问题
I'm using a data frame with many NA
values. While I'm able to create a linear model, I am subsequently unable to line the fitted values of the model up with the original data due to the missing values and lack of indicator column.
Here's a reproducible example:
library(MASS)
dat <- Aids2
# Add NA's
dat[floor(runif(100, min = 1, max = nrow(dat))),3] <- NA
# Create a model
model <- lm(death ~ diag + age, data = dat)
# Different Values
length(fitted.values(model))
# 2745
nrow(dat)
# 2843
回答1:
There are actually three solutions here:
- pad
NA
to fitted values ourselves; - use
predict()
to compute fitted values; - drop incomplete cases ourselves and pass only complete cases to
lm()
.
Option 1
## row indicator with `NA`
id <- attr(na.omit(dat), "na.action")
fitted <- rep(NA, nrow(dat))
fitted[-id] <- model$fitted
nrow(dat)
# 2843
length(fitted)
# 2843
sum(!is.na(fitted))
# 2745
Option 2
## the default NA action for "predict.lm" is "na.pass"

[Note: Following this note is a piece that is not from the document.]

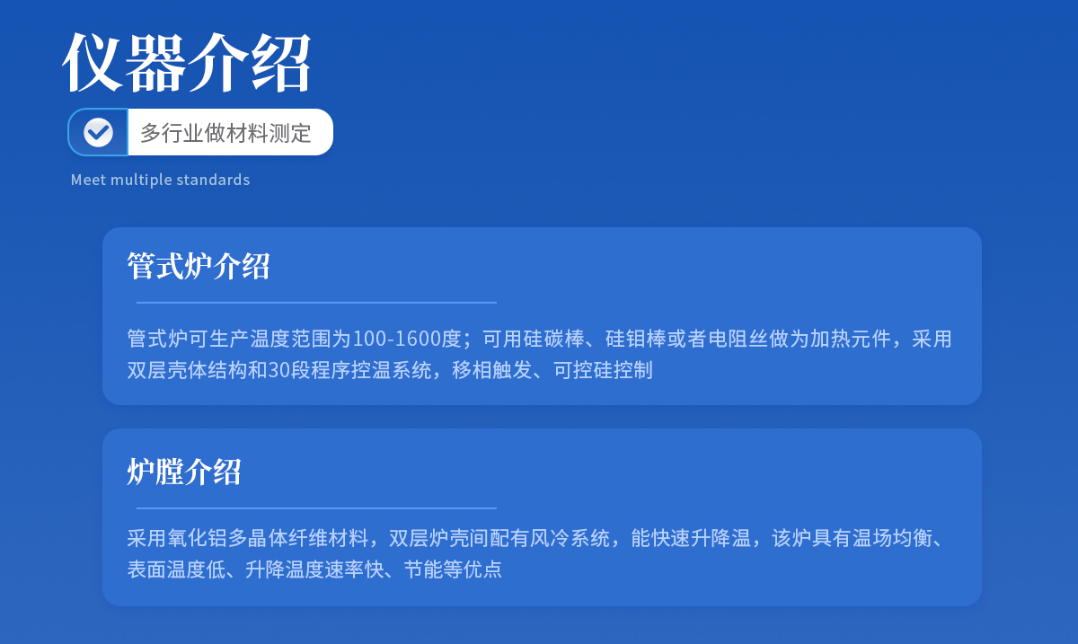 | 1、爐膛采用優(yōu)質(zhì)氧化鋁纖維材料,保溫性能好,耐用,拉伸強(qiáng)度高,無雜球,純度高,節(jié)能效果明顯; | 2、加熱元件采用優(yōu)質(zhì)HRE電阻絲,大大提高了其使用壽命; | 3、超溫報警,漏電保護(hù),操作安全可靠。 |

pred <- predict(model, newdata = dat) ## has to use "newdata = dat" here!
nrow(dat)
# 2843
length(pred)
# 2843
sum(!is.na(pred))
# 2745
Option 3
Alternatively, you might simply pass a data frame without any NA
to lm()
:
complete.dat <- na.omit(dat)
fit <- lm(death ~ diag + age, data = complete.dat)
nrow(complete.dat)
# 2745
length(fit$fitted)
# 2745
sum(!is.na(fit$fitted))
# 2745
In summary,
- Option 1 does the "alignment" in a straightforward manner by padding
NA
, but I think people seldom take this approach; - Option 2 is really simple, but it is more computationally costly;
- Option 3 is my favourite as it keeps all things simple.
回答2:
I use a simple for loop. The fitted values have an attribute (name) of the original row they belonged to. Therefore:
for(i in 1:nrow(data)){
data$fitted.values[i]<-
fit$fitted.values[paste(i)]
}
"data" is your original data frame. Fit is the object from the model (i.e. fit <- lm(y~x, data = data))
回答3:
My answer is an extension to @ithomps solution:
for(i in 1:nrow(data)){
data$fitted.values.men[i]<- ifelse(data$sex == 1,
fit.males$fitted.values[paste(i)], "NA")
data$fitted.values.women[i]<- ifelse(data$sex == 0,
fit.females$fitted.values[paste(i)], "NA")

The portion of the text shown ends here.